# Story of My town



## Guest (Jun 8, 2004)

This is an essay I wrote describing the town where I grew up. I happened to be reading E.B. White's "Here is New York" and thought it was an excellent essay describing his feelings for New York. I love the town where I grew up and that was my inspiration for writing this essay.

                                   "Here is Grant"

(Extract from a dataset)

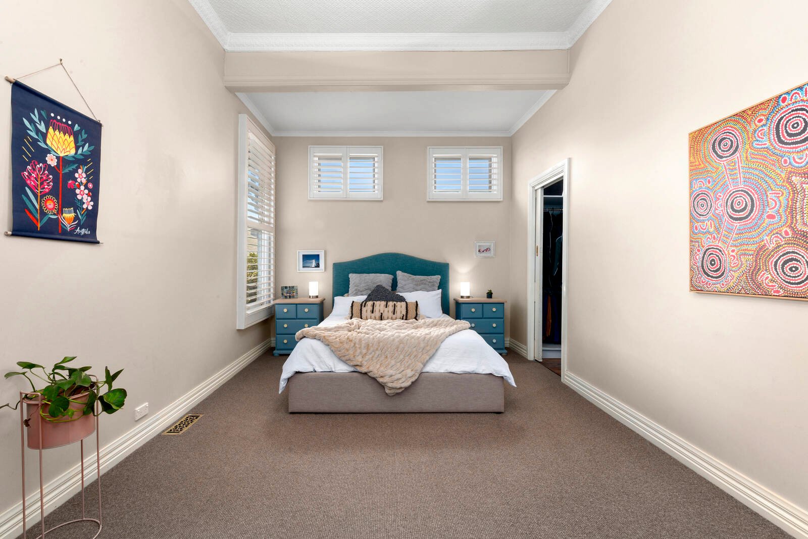 Comprising three bedrooms, the generous master includes walk-in robes and ensuite, the additional two bedrooms feature spectacular original fireplaces and are serviced by a central family bathroom, elegantly finished in classic subway tiles, quality fittings and a pretty floral feature wall. All bedrooms are fitted with plantation shutters, continuing in the timeless theme of the home.

    Nestled between White Bear Lake and Stillwater lies a town called Grant. Many people seeking quiet and calm outside of the Twin Cities, land in Grant. This town provides a peaceful and safe environment to raise a family and a tranquil hideaway for retirees. Grant is not too big or too small, but just the right size.
    Grant offers a small town atmosphere, yet it is only twentyfive minutes from the big city. Houses are not built on top of each other; almost every yard is an acre or more. Neighbors are shielded from each other by a wall of trees or bushes, giving people a sense of privacy. The houses are larger in size and come in a variety of styles. There are old farm houses and colonial homes with big wrap around porches. The newer homes are more contemporary but still have a classic look.
    There are many farms in Grant. Down one residential street is a stable that boards and grooms horses. The stable has one large outdoor arena where riders practice their dressage techniques. A few times a year, the stable puts on horse shows and people from all over attend. Pick-up trucks and trailers orchestrate along the sides of the road, with smaller sedans woven in creating a zigzag pattern. A small produce farm has fields of fruits and vegetables that border the main road. The produce farm also has a big pumpkin patch and in the fall around Halloween, you can go and pick out your own pumpkin. In the opposite direction is a dairy farm that has big, fenced-in pastures for the farmer's cows and goats. This farm also has corn fields that line both sides of the property and continue on across the street. In the summertime, the smell of manure is pungent in the warm, humid, and still air.
    The changing of seasons is a wonderful thing to experience when you live in Grant. In the summer, the smell of freshly cut grass is forever present and lingers in the air. Lilacs and honeysuckle scents are overpowering, yet subtle. As the weather starts to get cooler, and the leaves on the trees begin to change color and fall from their branches, the smell of fall is in the air. It is hard to put your finger on one distinct odor; it is a combination of stale leaves, bonfires wood, and smoke. The aromas aren't pleasant by themselves but transposed together they're invigorating. Winter hits and snow blankets the earth like a white sheet. Snowmobiles cruise through the ditches of Grant, leaving paths for others to come. The roar of snow blowers and tractors plowing driveways hum at all hours of the day and night. In the occasion of a big snowfall in Grant, people have to wait for the snow plow to come and clear out the roads, otherwise driving is impossible. Grant's main road gets plowed first, the residential roads get plowed last, makin it hard to get anywhere.
    One drawback of living in a small town is that everyone knows each other and people like to gossip. If something happens to you or your family, it becomes town news. It is hard to keep anything a secret. Neighbors are constantly competing with each other in almost every category of life. If a family in Grant purchases a new car, their neighbor has to buy a new car. That goes the same for almost anything, like buying a new riding lawn mower or installing invisible fencing for the family dog.
    As time and technology advance, the town of Grant has change. Once small and sparsely populated, more and more people are moving here. The school district has tripled in size and you do not get the same feeling of recognition. The dairy farm no longer has cows, just two plots of corn fields. The land where a small, private airport stood is now inhabited by million dollar homes. The roads that were once dirt and gravel are now paved and smooth. Major intersections, which are four-way stops, now have blinking red lights to accompany the stop signs.
    Even though the surroundings have changed, Grant is still Grant. You can not take away the smell in the air and the beautiful scenery. Yes, there may be more houses and more automobiles on the road, but it is still a country town. At night you can hear the singing of crickets and toads blend together to form a chorus of high-pitched chirps.


----------



## Bongoland (Jan 8, 2014)

Nice essay. 

You love the town you grew up.


----------